Worker pseudocode (message and artifact idempotency)

worker.on("process_delivery", async ({ delivery_id }) => {
  const delivery = await db.get("deliveries", { delivery_id });
  const email = parseProviderPayload(delivery.raw_body); // yields a normalized JSON

  // Message idempotency
  const messageId = email.message_id ?? stableFallbackMessageId(email);
  await db.upsert("messages", {
    message_id: messageId,
    inbox_id: email.inbox_id,
    received_at: email.received_at,
    subject: email.subject,
    from: email.from,
    text: email.text,
    // store html/raw cautiously, often behind restricted access
  });

  // Artifact extraction (deterministic, not “ask the LLM to guess”)
  const artifact = extractOtpOrLink(email.text);

  // Consume-once idempotency
  const consumeKey = sha256(`${artifact.type}:${artifact.value}:${email.inbox_id}`);

  const firstConsume = await db.tryInsert("artifact_consumes", {
    consume_key: consumeKey,
    message_id: messageId,
    created_at: new Date().toISOString()
  });

  if (!firstConsume) {
    return; // already processed
  }

  await applyArtifactToWorkflow(artifact);
});

This is where you prevent “double verify” and similar automation bugs.

Polling fallback: your safety net when webhooks fail

Even a well-designed webhook system can go down.

A polling fallback gives agents a deterministic escape hatch:

  • If no webhook arrives within T, start polling by inbox ID
  • Use cursor-based listing and dedupe seen message IDs
  • Stop at an overall deadline

Polling is not the default, it is the insurance policy.

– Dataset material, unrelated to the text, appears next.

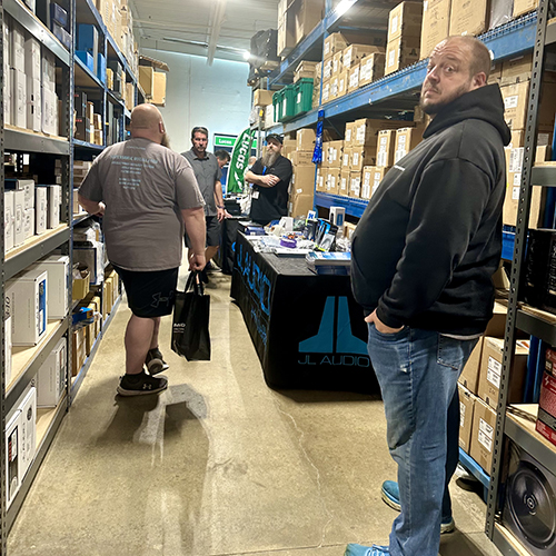 BLOOMINGTON, MN (05.16.24) – The D Source Distributing Dealer Appreciation Open House on Tuesday, May 14th at the company’s HQ, packed the house. Nearly 2 dozen of the industry’s top brands filled the warehouse house to showcase their latest products and connect with dealers from across the territory. Vendor tables in the warehouse were covered with custom table cloths with the company’s logo. Under tents outside JL Audio had a SXS, there was a Jeep Wrangler and an eBike set for demos.
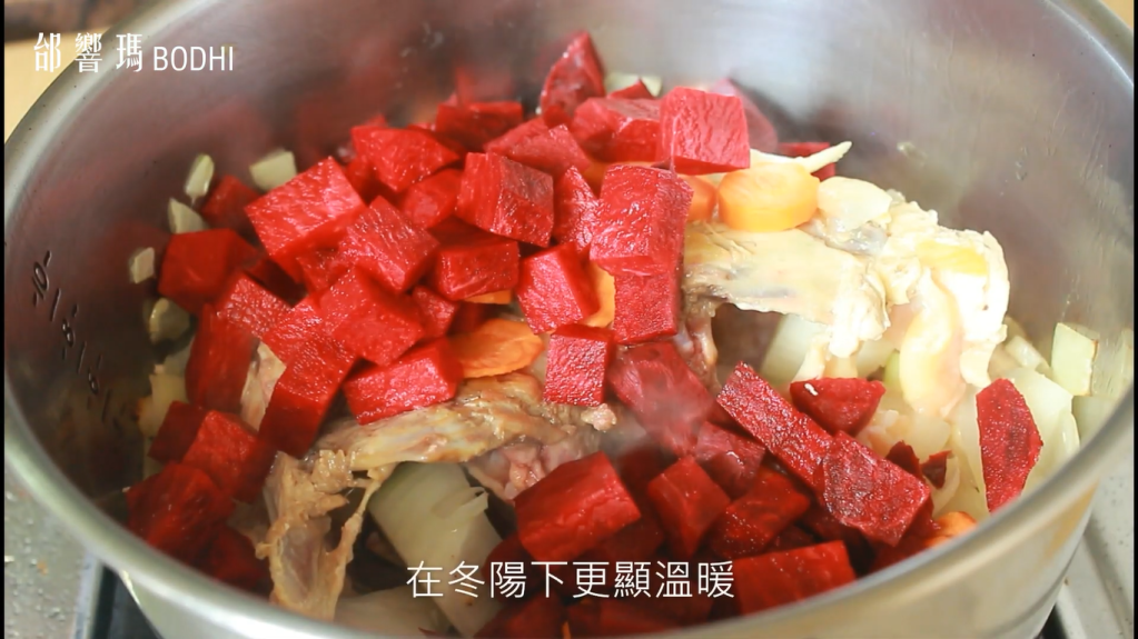 - 雞架骨下鍋,上色後洋蔥下鍋,等到洋蔥有點轉透明(不用全透!),加入甜菜根與紅蘿蔔,稍微翻炒去除土味

The key is to keep polling deterministic:

  • Poll a specific inbox, not a shared mailbox
  • Use a cursor (or monotonic IDs) to avoid re-reading
  • Deduplicate at message and artifact layers as usual

Agent-specific hazards (and guardrails)

LLM agents add failure modes you do not see in “normal” backend consumers.

Guardrail 1: minimize what the agent sees

Agents do not need the full HTML email body, tracking pixels, or all headers. Give them a minimized view:

  • The single artifact you want (OTP or verification URL)
  • The intended domain allowlist check result
  • A small amount of provenance (received timestamp, sender address)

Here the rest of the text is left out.